Task item – Copy nothing but the lines below, from the one with "4月30日,救援人员在湖南长沙居民自建房倒塌事故现场进行救援。" through the one with "组委会邀请了西安交通大学中文", exactly as written; no pictures should appear.

Provided data –
----
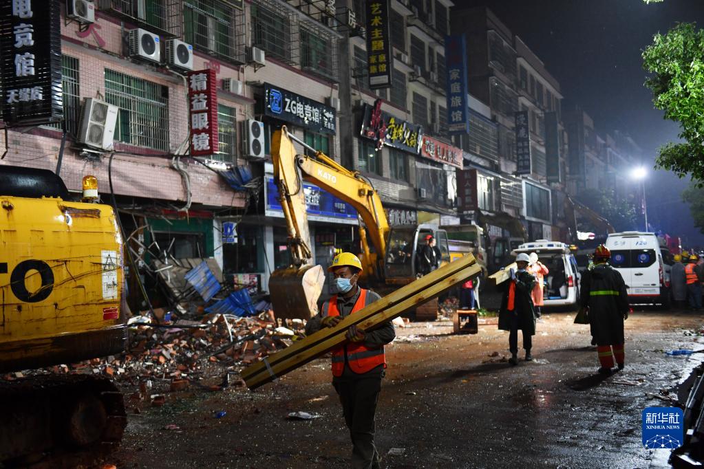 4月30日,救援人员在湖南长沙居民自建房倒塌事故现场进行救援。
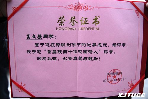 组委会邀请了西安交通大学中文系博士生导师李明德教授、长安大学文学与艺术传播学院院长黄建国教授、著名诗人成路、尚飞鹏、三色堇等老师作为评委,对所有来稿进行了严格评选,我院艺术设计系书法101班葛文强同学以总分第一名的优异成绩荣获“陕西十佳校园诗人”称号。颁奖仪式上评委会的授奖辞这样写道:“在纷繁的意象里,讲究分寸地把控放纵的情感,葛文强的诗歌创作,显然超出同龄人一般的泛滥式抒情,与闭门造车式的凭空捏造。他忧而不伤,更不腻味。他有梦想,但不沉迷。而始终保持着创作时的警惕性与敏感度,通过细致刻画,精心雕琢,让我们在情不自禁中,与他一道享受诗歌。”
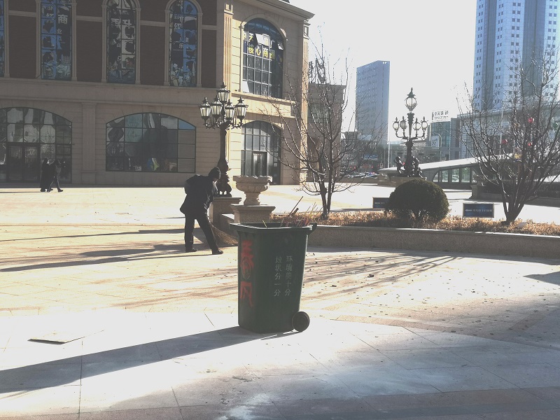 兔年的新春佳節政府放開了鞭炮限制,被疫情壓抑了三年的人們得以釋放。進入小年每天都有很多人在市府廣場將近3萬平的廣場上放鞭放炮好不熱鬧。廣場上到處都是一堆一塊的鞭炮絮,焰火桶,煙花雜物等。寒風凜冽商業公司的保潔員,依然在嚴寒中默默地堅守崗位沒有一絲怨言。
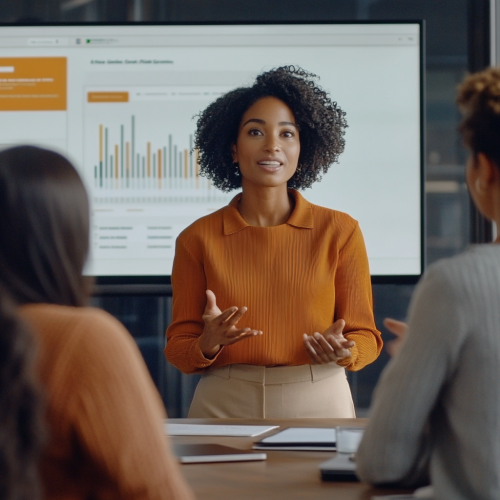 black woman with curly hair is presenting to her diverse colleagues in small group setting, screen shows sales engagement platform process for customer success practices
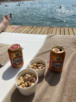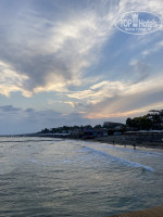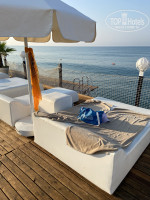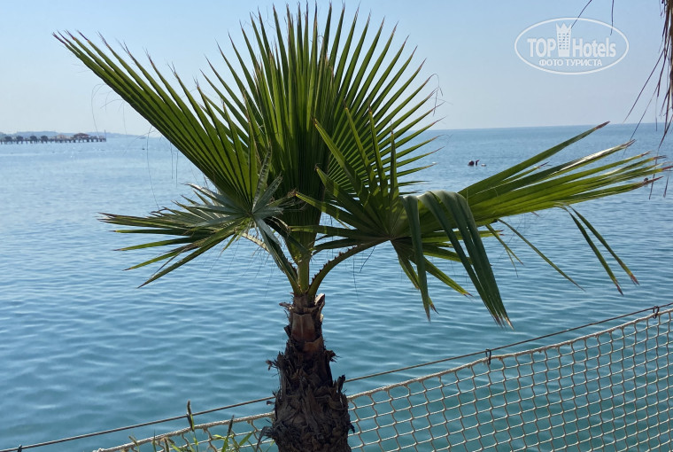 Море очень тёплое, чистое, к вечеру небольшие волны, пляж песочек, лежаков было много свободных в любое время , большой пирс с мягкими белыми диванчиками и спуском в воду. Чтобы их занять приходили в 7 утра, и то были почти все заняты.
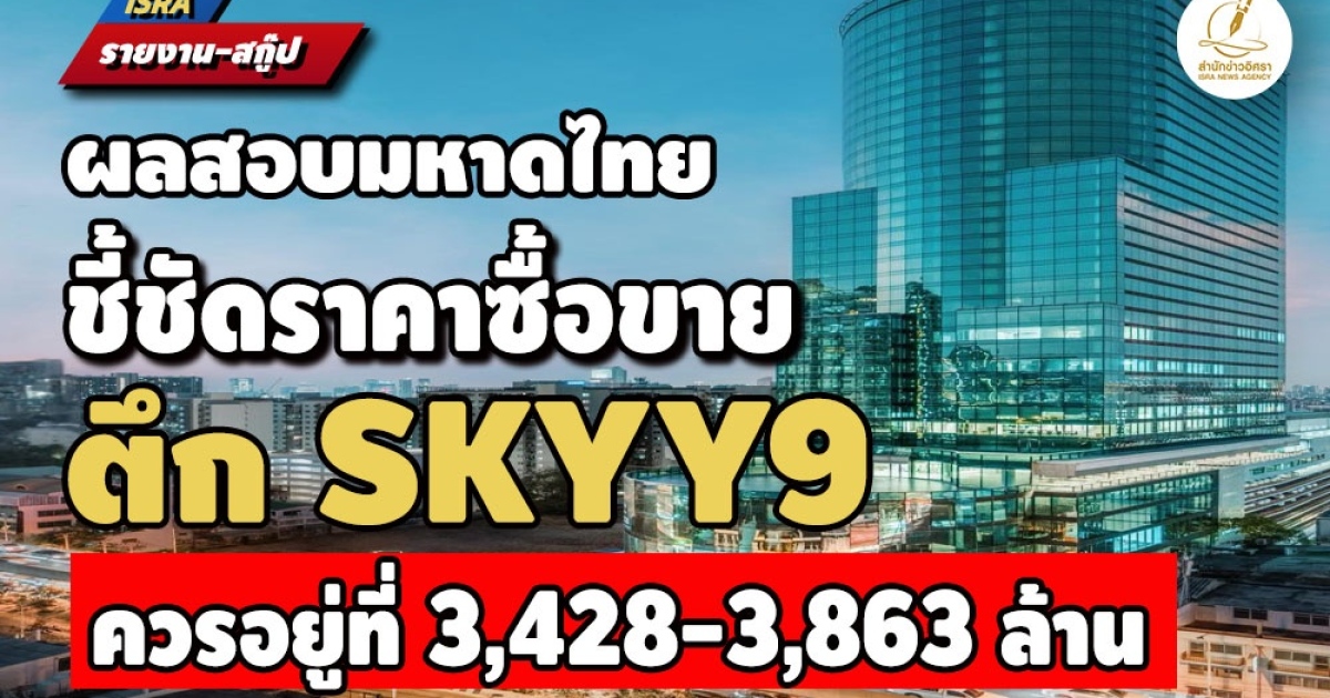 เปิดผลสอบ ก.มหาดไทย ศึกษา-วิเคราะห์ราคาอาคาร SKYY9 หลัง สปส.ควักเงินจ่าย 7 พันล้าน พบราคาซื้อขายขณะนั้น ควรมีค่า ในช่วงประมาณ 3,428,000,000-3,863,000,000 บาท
----
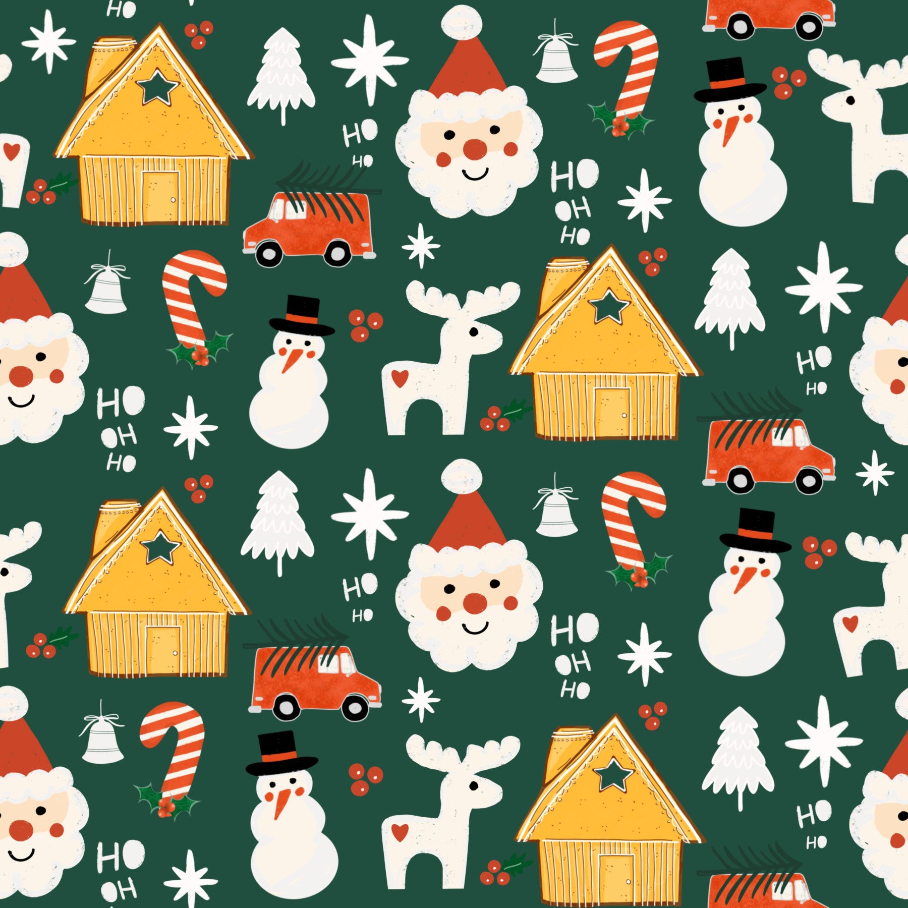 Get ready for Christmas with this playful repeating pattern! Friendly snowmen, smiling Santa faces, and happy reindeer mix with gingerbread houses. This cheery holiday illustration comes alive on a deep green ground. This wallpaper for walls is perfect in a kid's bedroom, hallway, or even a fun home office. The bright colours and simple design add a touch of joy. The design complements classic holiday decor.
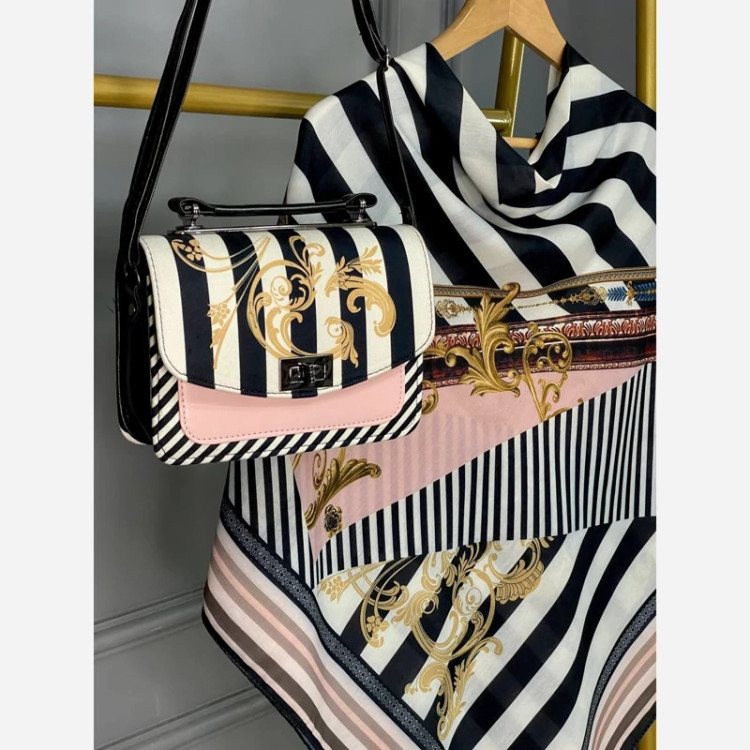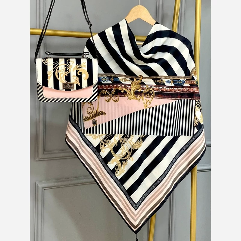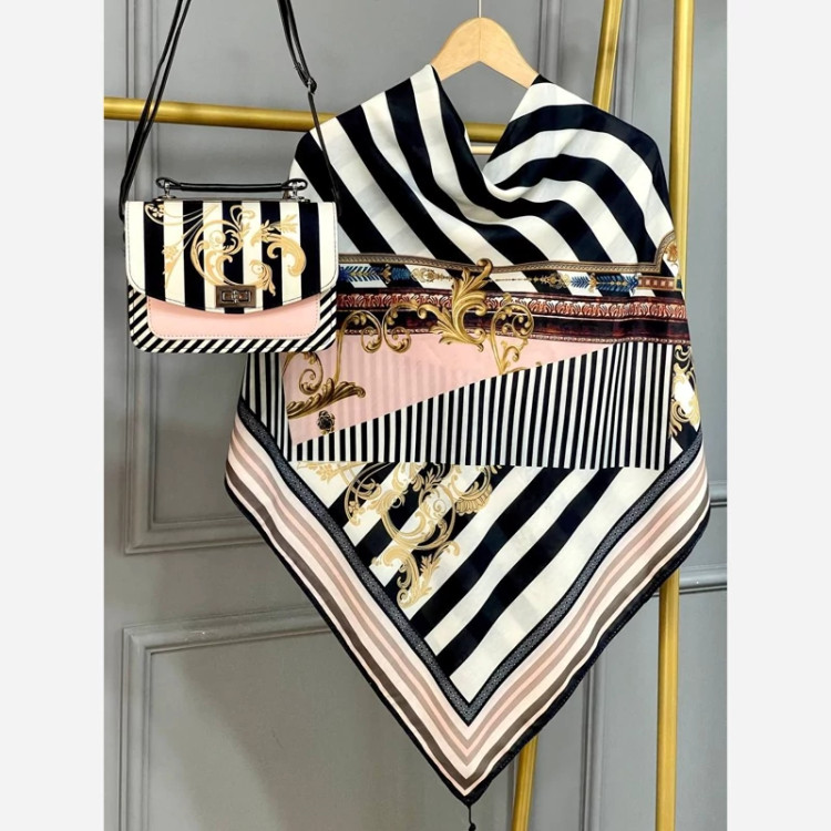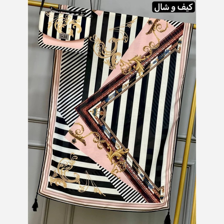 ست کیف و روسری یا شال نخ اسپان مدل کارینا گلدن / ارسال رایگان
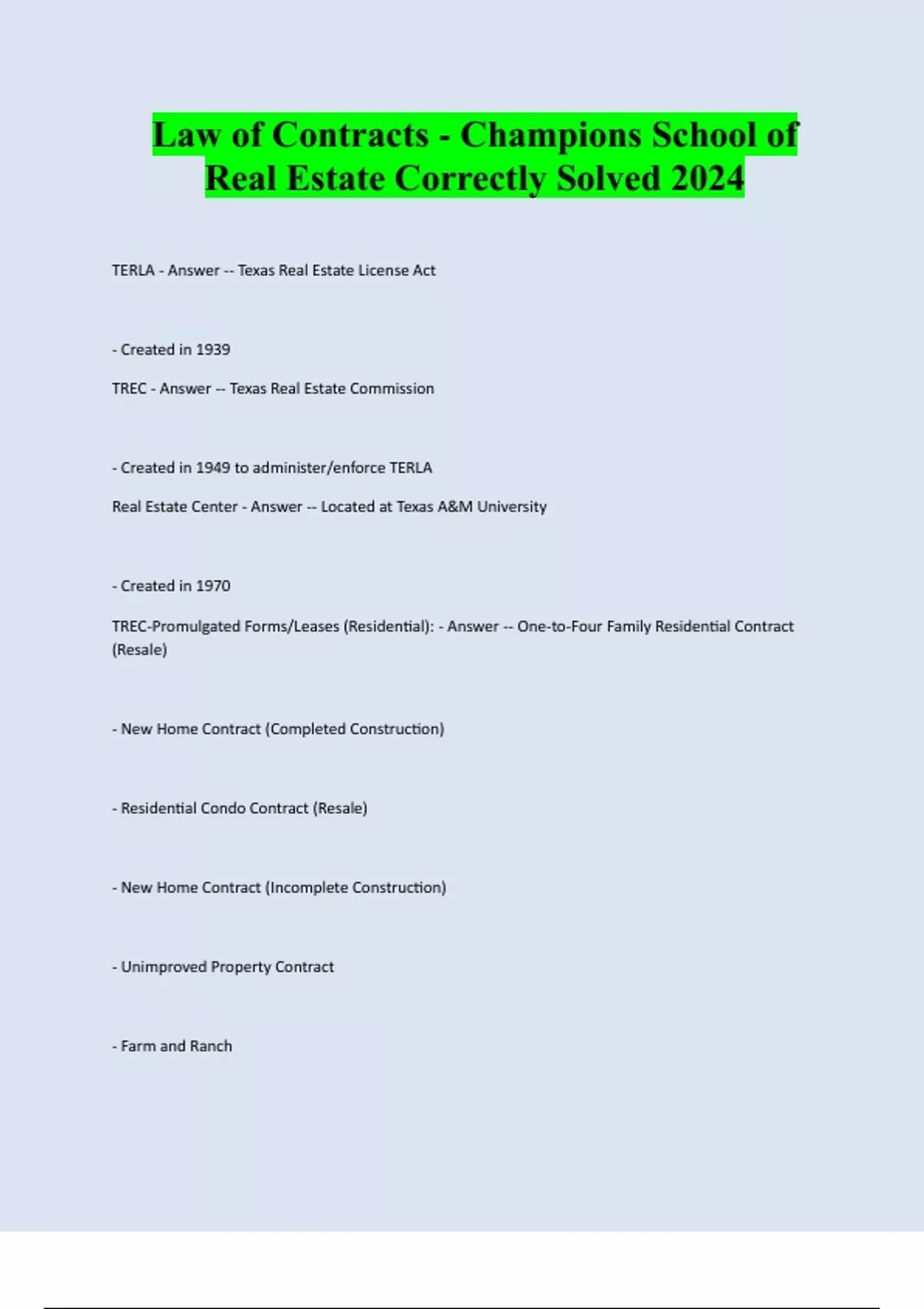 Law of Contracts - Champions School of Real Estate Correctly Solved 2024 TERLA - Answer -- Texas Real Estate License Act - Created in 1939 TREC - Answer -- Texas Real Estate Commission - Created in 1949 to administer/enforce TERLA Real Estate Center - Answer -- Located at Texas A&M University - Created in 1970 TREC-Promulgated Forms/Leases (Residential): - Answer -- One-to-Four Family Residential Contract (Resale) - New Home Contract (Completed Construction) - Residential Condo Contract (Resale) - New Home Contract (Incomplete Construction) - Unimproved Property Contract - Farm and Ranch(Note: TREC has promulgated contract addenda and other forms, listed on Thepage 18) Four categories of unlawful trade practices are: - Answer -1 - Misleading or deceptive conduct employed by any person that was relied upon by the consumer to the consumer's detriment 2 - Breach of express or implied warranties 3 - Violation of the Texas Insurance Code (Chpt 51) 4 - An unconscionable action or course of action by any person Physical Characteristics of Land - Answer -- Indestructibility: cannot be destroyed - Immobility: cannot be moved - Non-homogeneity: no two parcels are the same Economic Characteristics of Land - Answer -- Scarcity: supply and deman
----
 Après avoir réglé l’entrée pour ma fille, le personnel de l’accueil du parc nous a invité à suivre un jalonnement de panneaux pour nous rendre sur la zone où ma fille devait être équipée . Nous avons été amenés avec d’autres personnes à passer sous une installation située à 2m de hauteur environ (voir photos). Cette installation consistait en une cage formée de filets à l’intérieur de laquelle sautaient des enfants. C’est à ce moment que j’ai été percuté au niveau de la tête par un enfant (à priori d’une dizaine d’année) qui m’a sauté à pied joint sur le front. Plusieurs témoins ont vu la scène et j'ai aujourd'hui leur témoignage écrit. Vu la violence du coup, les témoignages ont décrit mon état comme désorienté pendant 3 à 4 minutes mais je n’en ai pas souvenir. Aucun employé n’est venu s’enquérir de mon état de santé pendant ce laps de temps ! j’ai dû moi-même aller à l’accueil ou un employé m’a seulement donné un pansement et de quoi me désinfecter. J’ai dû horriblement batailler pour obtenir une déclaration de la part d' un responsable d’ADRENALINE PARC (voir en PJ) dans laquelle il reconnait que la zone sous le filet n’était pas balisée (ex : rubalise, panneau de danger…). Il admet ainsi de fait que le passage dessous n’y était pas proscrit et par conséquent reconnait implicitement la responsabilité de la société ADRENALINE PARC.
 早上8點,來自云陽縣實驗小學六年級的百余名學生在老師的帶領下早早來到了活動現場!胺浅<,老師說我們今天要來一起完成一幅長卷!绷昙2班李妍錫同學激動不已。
----
Task output –
 4月30日,救援人员在湖南长沙居民自建房倒塌事故现场进行救援。
 组委会邀请了西安交通大学中文系博士生导师李明德教授、长安大学文学与艺术传播学院院长黄建国教授、著名诗人成路、尚飞鹏、三色堇等老师作为评委,对所有来稿进行了严格评选,我院艺术设计系书法101班葛文强同学以总分第一名的优异成绩荣获“陕西十佳校园诗人”称号。颁奖仪式上评委会的授奖辞这样写道:“在纷繁的意象里,讲究分寸地把控放纵的情感,葛文强的诗歌创作,显然超出同龄人一般的泛滥式抒情,与闭门造车式的凭空捏造。他忧而不伤,更不腻味。他有梦想,但不沉迷。而始终保持着创作时的警惕性与敏感度,通过细致刻画,精心雕琢,让我们在情不自禁中,与他一道享受诗歌。”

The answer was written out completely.